Ramp-up of 200-mm China manufacturing
Early March 2017, Soitec announced the beginning of the ramping-up of the production of 200-mm SOI wafers at Simgui's Shanghai-based manufacturing facility in using Soitec's proprietary Smart Cut technology. Simgui's site has now been fully qualified by Soitec key customers. This is a significant milestone for Soitec in managing its worldwide manufacturing capacity to meet market demand for 200-mm SOI wafers.

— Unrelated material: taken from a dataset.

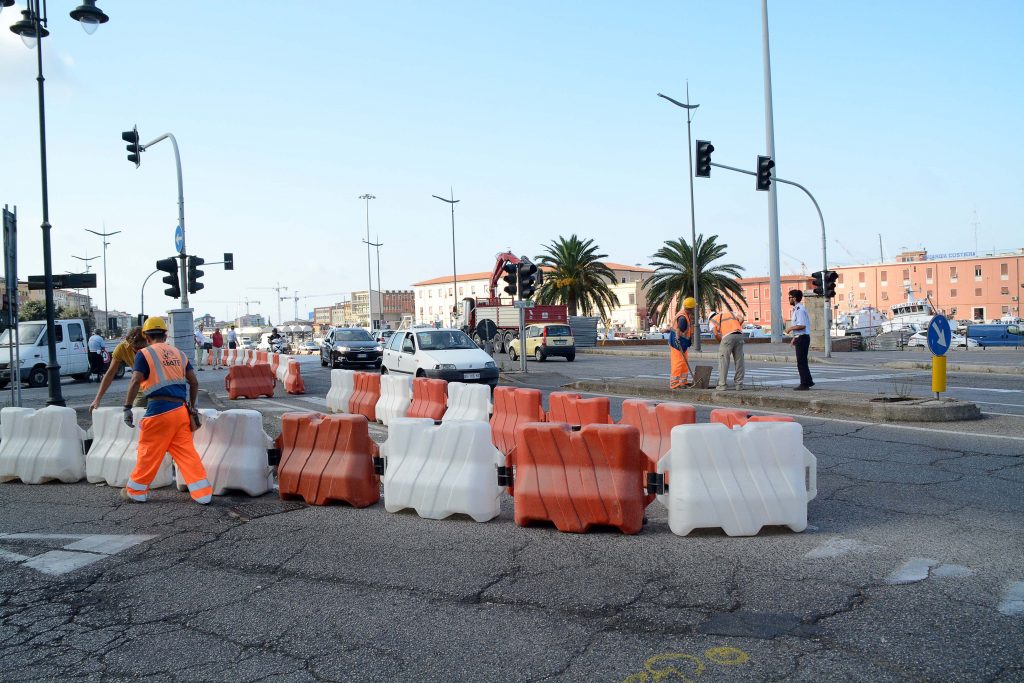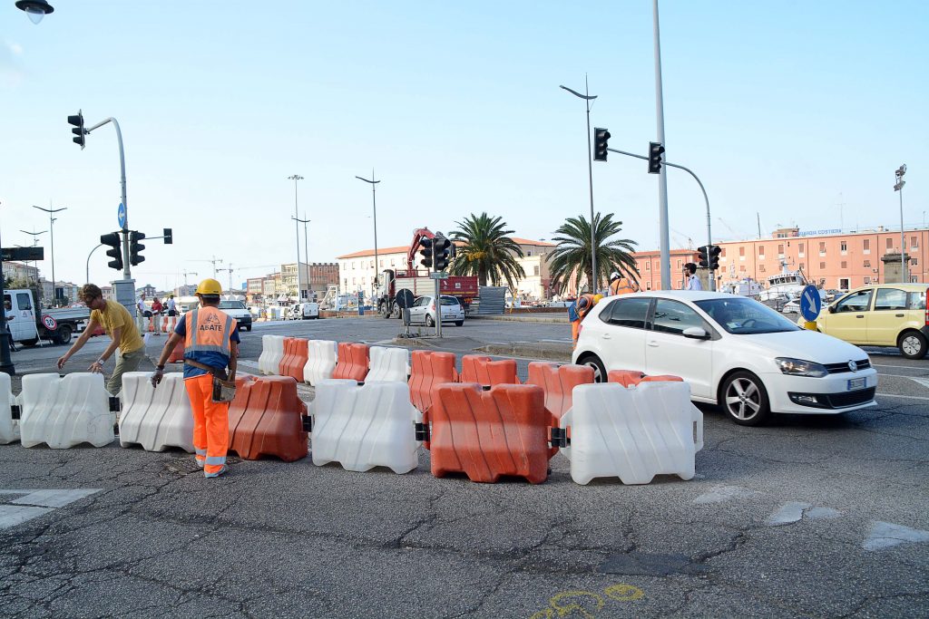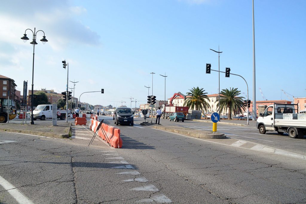 Lo spegnimento del semaforo (all’altezza del Ponte di Santa Trinita) è previsto a partire da lunedì 29 agosto. Contemporaneamente partirà la recinzione della superficie stradale sulla quale sarà realizzata la rotatoria. Per i veicoli che devono percorrere il lungomare lungo l’asse principale (direzione nord-sud) non ci saranno grandi cambiamenti. Invece, per ragioni di sicurezza (visto che non ci sarà più il semaforo a regolare il traffico), ai mezzi provenienti da nord sarà temporaneamente interdetta la svolta a sinistra verso via S. Giovanni, così come, a chi percorre via S. Giovanni verso il porto, sarà interdetta la svolta a sinistra (verso sud). Di conseguenza, per consentire a chi proviene da piazza della Repubblica (da est) di raggiungere i viali a mare in direzione sud senza creare particolari disagi alla circolazione, durante i lavori tutta la via Grande sarà a doppio senso di marcia.

Additional customers are currently in the process of qualifying the wafers. Producing the wafers in China has been a key objective of the licensing and technology-transfer agreement signed in May 2014 by Soitec and its Chinese partner. It validates Smart Cut as a standard process. This wafer production line in China will boost the industrial manufacturing capacity of 200-mm SOI wafers to meet increasing worldwide usage and also will be a key element in establishing the SOI ecosystem in China.
End of patent lawsuit with SiGen
At the end of March 2017, Soitec and Silicon Genesis Corporation (SiGen) have successfully brought to an end their dispute regarding the importation and sale in the United States of certain silicon-on-insulator (SOI) wafers.
Both companies have agreed to dismiss all pending litigations including the proceedings in front of the US International Trade Commission (USITC). This agreement reinforces Soitec's intellectual property position and allows the company to better serve and protect Soitec's customers and business partners.